The Church forbade clerics to engage in the practice, however Charlemagne was the first ruler to extend the practice to laymen.  Such a change could only be implement by degrees: first that the ban should apply to laymen, but with no punishment attached; then, a short time later, and in a time of famine, the term usury was defined in significant detail, through the Capitulary of Nijmegen in 806; and further tightened the clauses in a famine of 809.  Finally, in an undated Capitulary (presumably written after these others), a heavy fine is outlined:

‘We wish no one’, he declares, ‘to exact any further interest in any circumstance whatever.  Anyone who does so will be made to pay the fine laid down for breaking the ban.’  This fine amounted to 60 salidi.

While not a good reason to disallow a private transaction for charging interest, it should be kept in mind that in the time of the Early Middle Ages, there was no heavy industry or large-scale trade – lending was not typically for the purpose of large capital formation.  Primarily, lending occurred in the need of purchasing current foodstuffs – the borrower was starving and without alternatives for survival.

In addition to making illegal the means by which a starving man might be able to acquire foodstuffs, Charlemagne enacted price controls in an attempt to keep prices at lower levels (note, price controls came coincident with the issue of his new coins):

That was why, at the Synod of Frankfurt in 794, Charlemagne, who had just issued his new deniers, fixed in agreement with the Fathers of the Council the maximum retail price for the main corn crops.

These price controls covered crops such as oats, barley, rye, and wheat – eventually on bread as well.  Charlemagne, in an act described as kindness and as setting a good example, sold his crop at prices even lower than the maximum price.  Of course, another way to look at this is that he was bankrupting the competition, something he could afford to do given the control he had over the economy….

The price controls were in place both in ‘normal’ times and in times of famine.  You can imagine the result.

On the pretense of ensuring that transactions were carried out in an honest manner, Charlemagne, in the Capitulary of 803…

…forbids the sale of gold vases, silver, slaves, pearls, horses, and other animals at night-time and insists on such purchases being made in public.

One might view this as an attempt to kill the black (night-time) market.


It’s ALWAYS About War

The author suggests the reason behind Charlemagne’s actions – the Church!

In the sphere of economics, as in all others, his line of conduct was determined by the Holy Scripture and of the Church Fathers…. It would therefore be pointless to look for an original economic or political programme in his Capitularies.

But would it be “pointless” to look beyond the Church for a reason behind Charlemagne’s actions?  Well, no; it isn’t pointless.  The author himself spills the beans, making irrelevant his comment about being pointless to look for a program:

Side by side with the requirements of Christian morality went military necessities.

Whoops!  Did the author really mean to write this?  Where’s Laurence Vance?  The church and the military, side by side!

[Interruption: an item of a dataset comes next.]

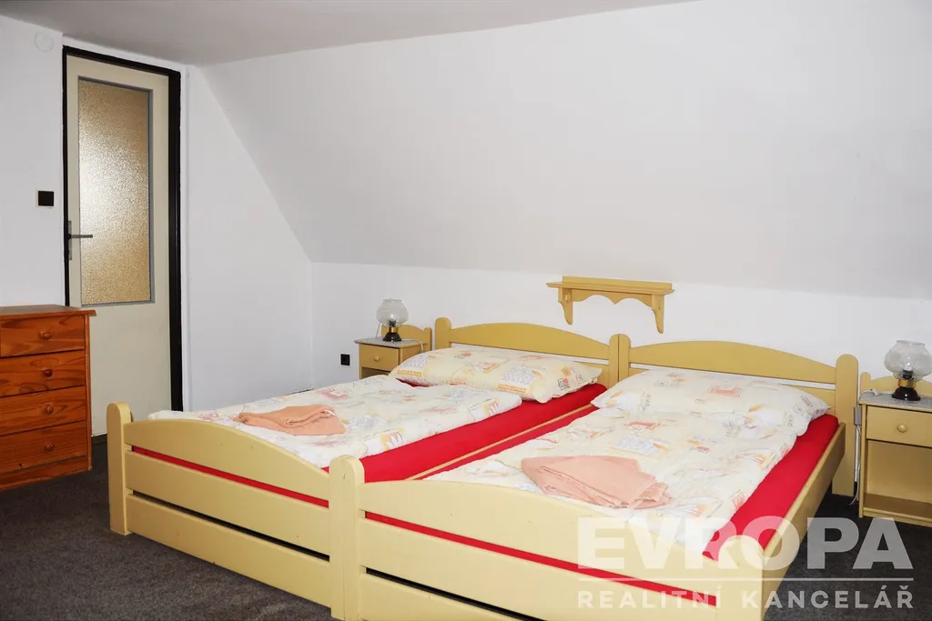 Penzion je situován u hlavní průjezdové silnice obcí a vybízí k zastavení za účelem příjemného posezení a relaxace v průběhu všech sportovních aktivit, které lze v okolí realizovat. V blízkosti autobusové zastávky. Tato nemovitost je vhodná pro zájemce, kteří hledají seberealizaci v jedinečné lokalitě. V případě zájmu o prohlídku nás neváhejte kontaktovat.

The Carolingian economy was a war economy.  Each year of Charlemagne’s reign was marked by a campaign the preparations for which made heavy demands on the imperial economy…. It is interesting to note that many of the Capitularies were introduced in the Spring, obviously with an eye to the summer campaign, and they were intended partly to put the inhabitants of the Empire into a state of readiness. 

North, quoting Nisbet:

If there is any single origin of the institutional State, it is in the circumstances and relationships of war. The connection between kinship and family, between religion and the Church, is no closer than that between war and the state in history.

War.  It’s always about war.


After the Fall: The Return of Anarchy

This story comes with a happy ending.  Carolingian control over markets died, thankfully, not long after Charlemagne died – his Empire broke up less than a half a century after its creation.  The author lauds the intent and accomplishments of this Emperor:

The experiment was in fact an interesting one…a reorganization based on sound Christian morals and not altogether divorced from military considerations, an economy which was clerical in inspiration, a war economy from which capitalism was quite deliberately banished by the general veto on lending at interest.

Sound Christian morals in concert with military considerations.  I really, really need to find Laurence Vance!

Latouche bemoans this anarchic quality of the period before and after Charlemagne.  He describes the term “anarchy,” and explains his view of the time:

The word anarchy is here used in its strict etymological sense: absence of authority and the bankruptcy of the sovereign state.  It was an evil which had been undermining Gaul and Western Europe ever since the Great Invasions, and which Charlemagne and the early Carolingians did not succeed in curing.  The responsibility for it must be placed fairly and squarely on the Merovingian rulers.

As regards the bankruptcy of the sovereign state, Latouche is quite correct.  However, is the sovereign state the only source for governance?  Referring again to North:

Is civil government the only true government? Does it alone possess legitimate sovereignty? Defenders of the modern state insist that this is the case, and that it should be the case.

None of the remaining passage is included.